According to the United Nations (UN), Yemen is on the “brink of famine” and is amidst the worst humanitarian crisis in the world today. The World Food Programme (2016) states that 17 million Yemeni people are estimated to be food insecure. Around 7.3 million of this group are believed to be in need of emergency food assistance. In a seven-month period during 2016, the number of people food insecure increased by 3 million.
The Emergency Food Security and Nutrition Assessment’s preliminary results indicate that nutrition conditions and food security are deteriorating rapidly. Over two million children are malnourished, which is a 63% rise in one year. The UN Security Council recently held discussions over concerns with Yemen. They stated that one child dies every 10 minutes from preventable causes.
The Republic of Yemen was established in 1990 by the unification of the People’s Democratic Republic of Yemen (South Yemen) and the Yemen Arab Republic (North Yemen). However, the unification failed to produce stability and end tensions, as was intended. Fractional infighting began then and continues to today between the Houthi rebels and a coalition of Persian Gulf states.
The ongoing conflict and political instability that permeates Yemen has ultimately reduced food security. The state has been engulfed with internal displacement, increasing food prices and significant damage to infrastructure. An embargo that was implemented by the Saudi Arabia-led coalition has pushed the economy to a near standstill. The coalition’s ordering of airstrikes has caused more than ten thousand civilian deaths and further ruined the state’s infrastructure.
The agricultural economy is causing significant concern. The state’s capital, Sana’a, has plummeting water reserves and is likely to completely run out of water soon.
Some suggest that The United States (US) should become more actively involved in the crisis. However, the US are not sure how they can help. They will not use military action, as the worsening condition for people around Yemen has been primarily caused by the war. The US does not want to cause further damage to the infrastructure or food shortages.

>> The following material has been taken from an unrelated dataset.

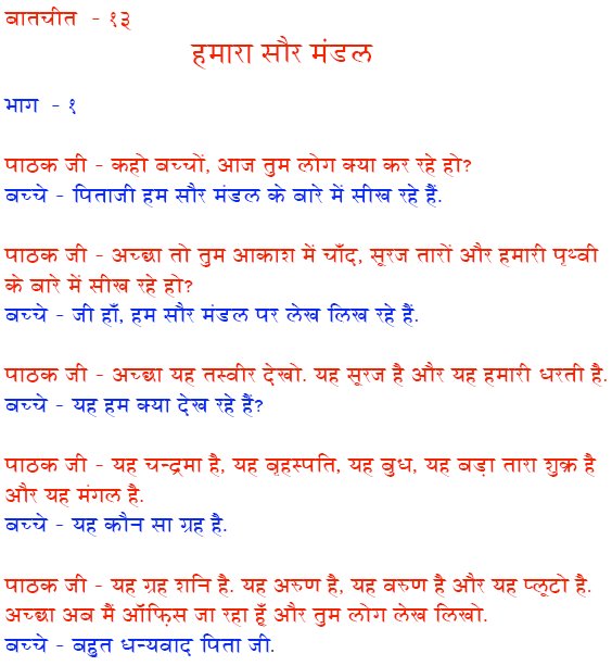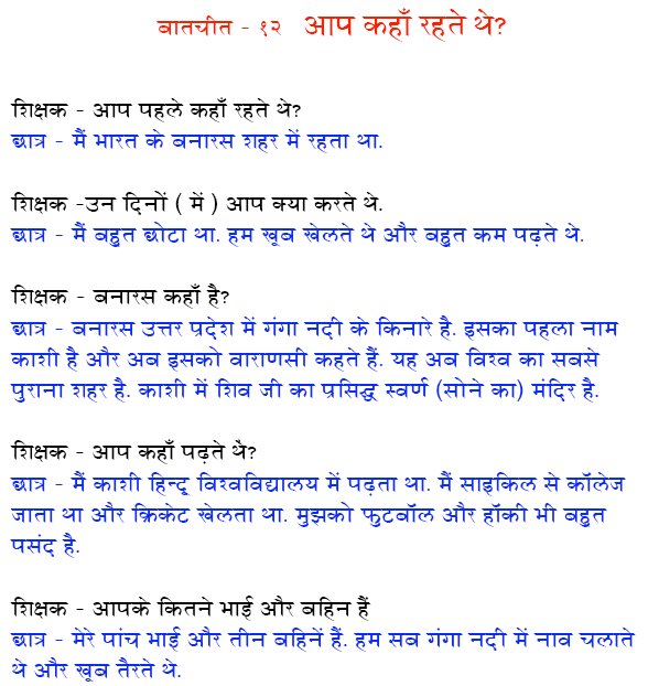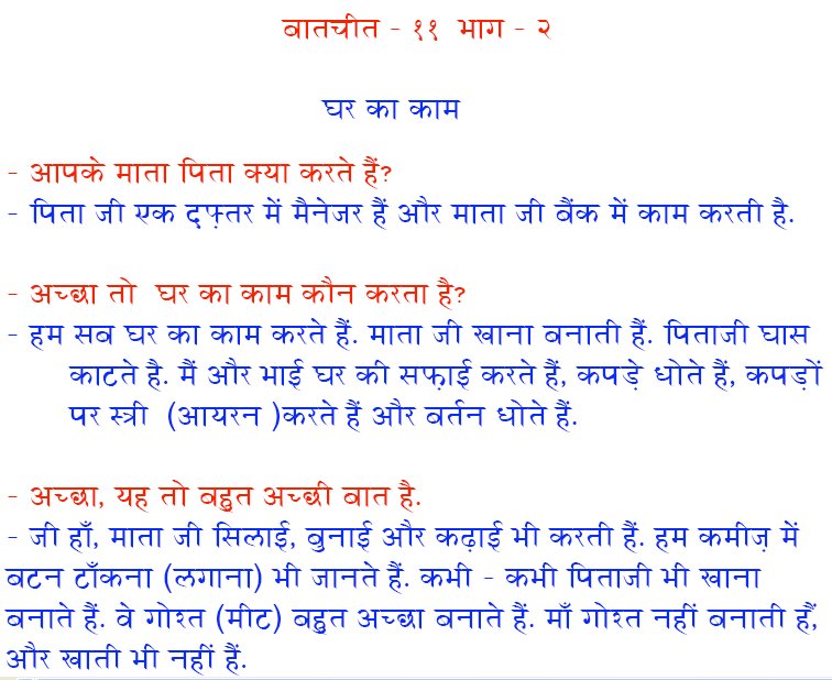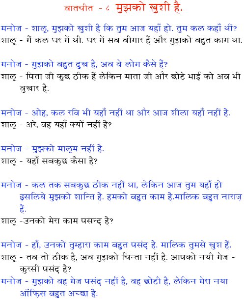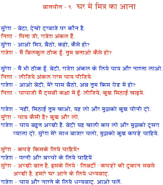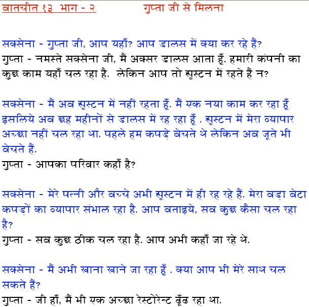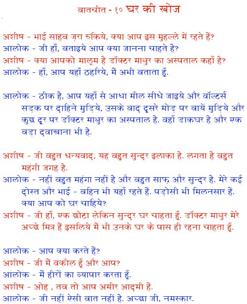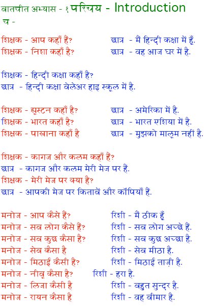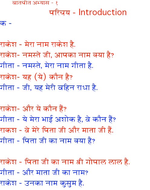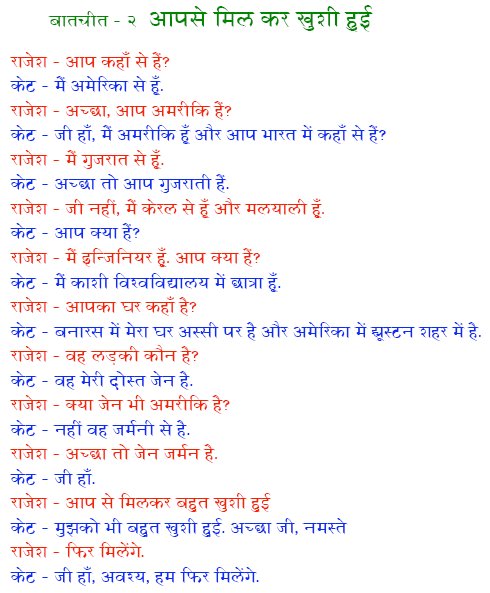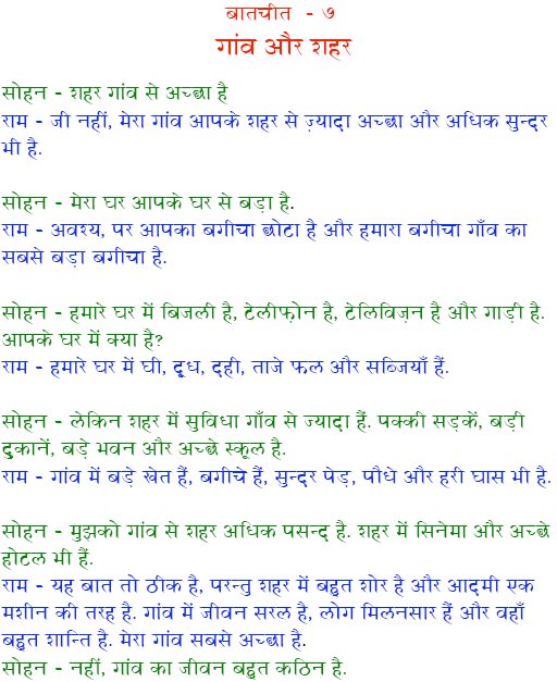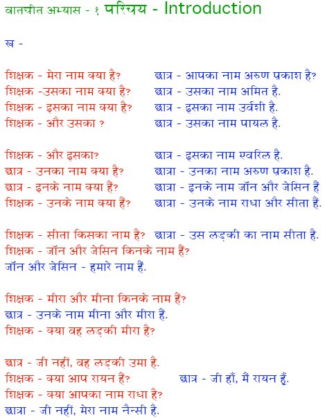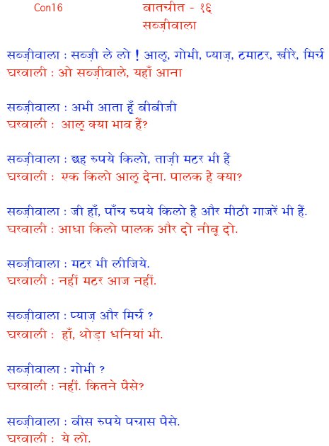 Hindi Conversations This is the repository of several practice conversations. They are derived from the textbook Namaste Jii by Shri Arun Prakash. These practice lessons are recorded by Shri Arun Prakash and Smt Pushpa Prakash along with their students. These are provided here with the explicit permissions from them for strictly educational purposes. Please do leave us feedback on any of the conversation by sending email to hindiclass@hindisangam.org, or by leaving the comments at the end of this page. Please specify the conversation Title when submitting the feedback. Each conversation has an audio and a text transcript. You can follow the script, listen to the audio and practice yourself. Pronunciations of Hindi Vowels https://www.hindisangam.org/wp-content/uploads/2025/11/Vowels.mp3 Pronunciations of Hindi Consonants https://www.hindisangam.org/wp-content/uploads/2025/11/Cons.mp3 Conversation #1 Introductions A (क) https://www.hindisangam.org/wp-content/uploads/2025/11/DiaI1.mp3 Conversation #1 Introductions B (ख) https://www.hindisangam.org/wp-content/uploads/2025/11/DiaI2.mp3 Conversation #1 Introductions C (ग) https://www.hindisangam.org/wp-content/uploads/2025/11/DiaI3.mp3 Conversation #1 Introductions D (घ) https://www.hindisangam.org/wp-content/uploads/2025/11/DiaI4.mp3 Conversation #1 Introductions E (च) https://www.hindisangam.org/wp-content/uploads/2025/11/DiaI5.mp3 Conversation #2 - आपसे मिलकर खुशी हुई https://www.hindisangam.org/wp-content/uploads/2025/11/Dia2.mp3 Conversation #3 - आप कैसे हैं? https://www.hindisangam.org/wp-content/uploads/2025/11/Dia3.mp3 Conversation #4 - हमारा बगीचा छोटा है https://www.hindisangam.org/wp-content/uploads/2025/11/Dia4.mp3 Conversation #5 - हमारा नया स्कूल https://www.hindisangam.org/wp-content/uploads/2025/11/Dia5.mp3 Conversation #6 - अच्छा होटल https://www.hindisangam.org/wp-content/uploads/2025/11/Dia6.mp3 Conversation #7 - गाँव और शहर https://www.hindisangam.org/wp-content/uploads/2025/11/Dia7.mp3 Conversation #8 - मुझको खुशी है https://www.hindisangam.org/wp-content/uploads/2025/11/Dia8.mp3 Conversation #9 - घर में मित्र का आना https://www.hindisangam.org/wp-content/uploads/2025/11/Dia9.mp3 Conversation #10 - घर की खोज https://www.hindisangam.org/wp-content/uploads/2025/11/Dia10.mp3 Conversation #11 - Part 1 - तुम क्या करते हो? https://www.hindisangam.org/wp-content/uploads/2025/11/Dia11-1.mp3 Conversation #11 - Part २ - घर का काम https://www.hindisangam.org/wp-content/uploads/2025/11/Dia11-2.mp3 Conversation #11 - Part 3 - सब कुछ कैसा होता है https://www.hindisangam.org/wp-content/uploads/2025/11/Dia11-3.mp3 Conversation #12 - आप कहाँ रहते थे? https://www.hindisangam.org/wp-content/uploads/2025/11/Dia12.mp3 Conversation #13 - Part 1 - हमारा सौर मंडल https://www.hindisangam.org/wp-content/uploads/2025/11/Dia13-1.mp3 Conversation #13 - Part 2 - गुप्ता जी से मिलना https://www.hindisangam.org/wp-content/uploads/2025/11/Dia13-2.mp3 Conversation #14 - खेल और खिलाड़ी https://www.hindisangam.org/wp-content/uploads/2025/11/Dia14.mp3 Conversation #15 - फल की दुकान https://www.hindisangam.org/wp-content/uploads/2025/11/Dia15.mp3 Conversation #16 - सब्जीवाला https://www.hindisangam.org/wp-content/uploads/2025/11/Dia16.mp3

Financial aid has been used to great effect in helping with the food shortage. CARE international is a global confederation that continues to advocate for Yemen. Yemen is last on the UN’s development Index list ( a composite statistic measuring education, life expectancy and per capita income). The UN has asked for $2.07 billion in emergency relief for Yemen to help resolve the issue. So far $324.5 million has been given to Yemen from all around the world. The Australian government recently responded to these calls and pledged to donate ten million dollars. All in all, every dollar donated to Yemen is important in helping to alleviate the widespread hunger.